Your objective: Set down exactly the lines below, starting at the one that contains "La Raccolta Del" and ending at the one that contains "- Водонепроницаемый корпус", with both of those lines included and nothing else.

Data records Block Start

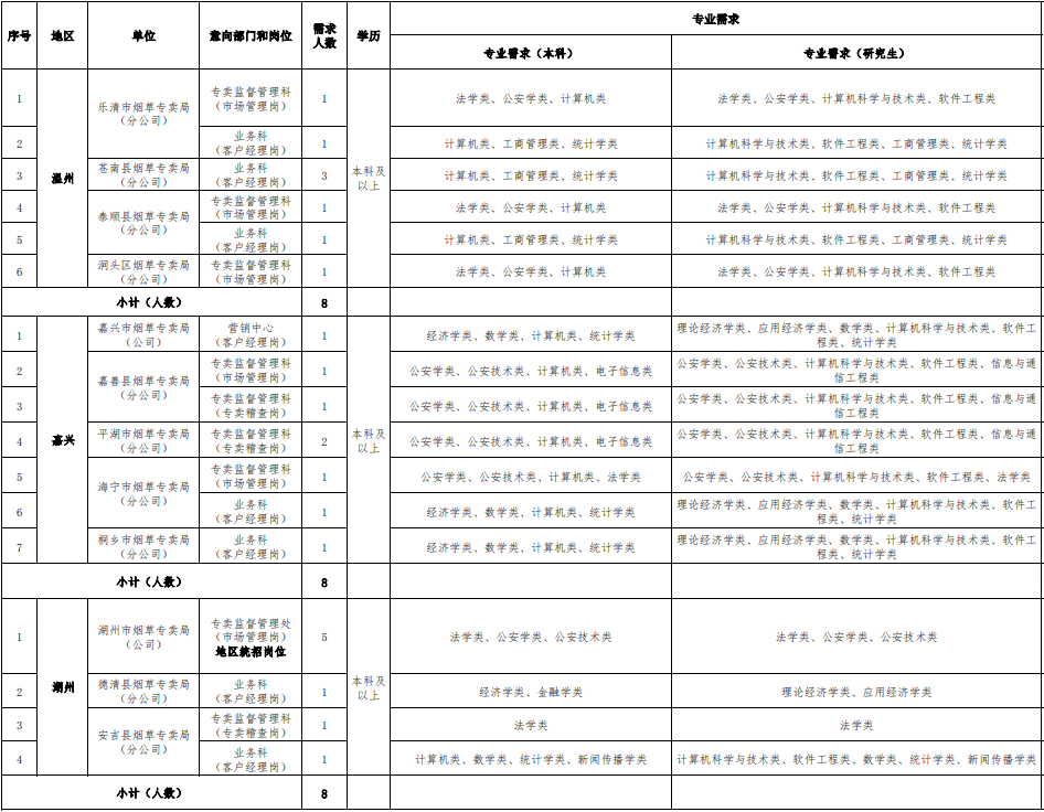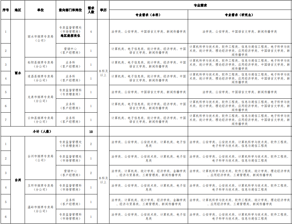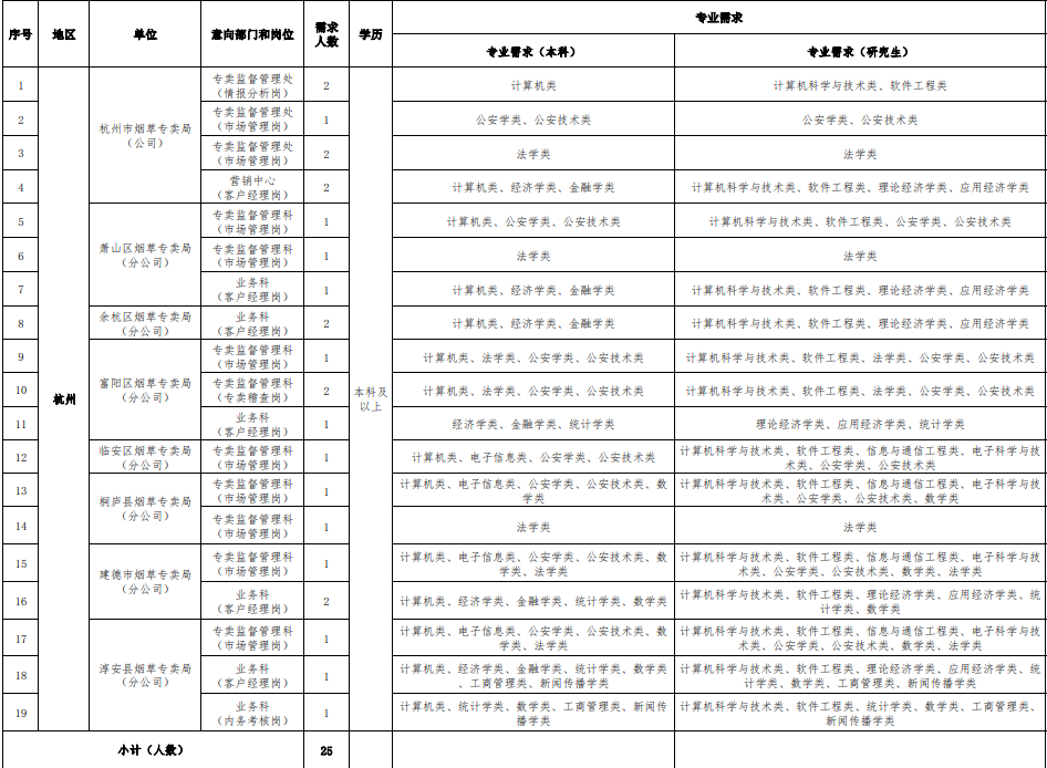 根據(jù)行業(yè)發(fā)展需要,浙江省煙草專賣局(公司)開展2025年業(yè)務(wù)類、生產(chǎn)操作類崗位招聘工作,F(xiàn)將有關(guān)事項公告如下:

Data records Block End
Data records Block Start

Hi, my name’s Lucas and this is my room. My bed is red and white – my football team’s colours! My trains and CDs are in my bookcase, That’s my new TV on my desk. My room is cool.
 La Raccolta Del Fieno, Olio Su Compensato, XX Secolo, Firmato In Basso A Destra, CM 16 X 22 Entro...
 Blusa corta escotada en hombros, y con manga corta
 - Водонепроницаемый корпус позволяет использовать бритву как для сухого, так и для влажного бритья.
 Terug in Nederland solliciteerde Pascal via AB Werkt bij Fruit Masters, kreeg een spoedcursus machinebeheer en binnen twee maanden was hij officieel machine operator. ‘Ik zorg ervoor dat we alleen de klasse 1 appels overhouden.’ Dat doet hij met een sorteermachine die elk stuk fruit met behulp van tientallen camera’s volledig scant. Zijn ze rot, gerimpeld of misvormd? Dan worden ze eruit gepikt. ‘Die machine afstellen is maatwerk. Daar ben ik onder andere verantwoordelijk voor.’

Data records Block End
Data records Block Start

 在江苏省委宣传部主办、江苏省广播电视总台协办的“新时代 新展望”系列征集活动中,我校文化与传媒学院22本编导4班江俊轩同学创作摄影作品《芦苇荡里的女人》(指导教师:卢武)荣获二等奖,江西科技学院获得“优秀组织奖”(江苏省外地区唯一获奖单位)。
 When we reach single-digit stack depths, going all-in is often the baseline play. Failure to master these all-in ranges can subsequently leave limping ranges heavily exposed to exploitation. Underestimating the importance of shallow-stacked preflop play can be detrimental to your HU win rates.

Data records Block End

Result of the task:
 La Raccolta Del Fieno, Olio Su Compensato, XX Secolo, Firmato In Basso A Destra, CM 16 X 22 Entro...
 Blusa corta escotada en hombros, y con manga corta
 - Водонепроницаемый корпус позволяет использовать бритву как для сухого, так и для влажного бритья.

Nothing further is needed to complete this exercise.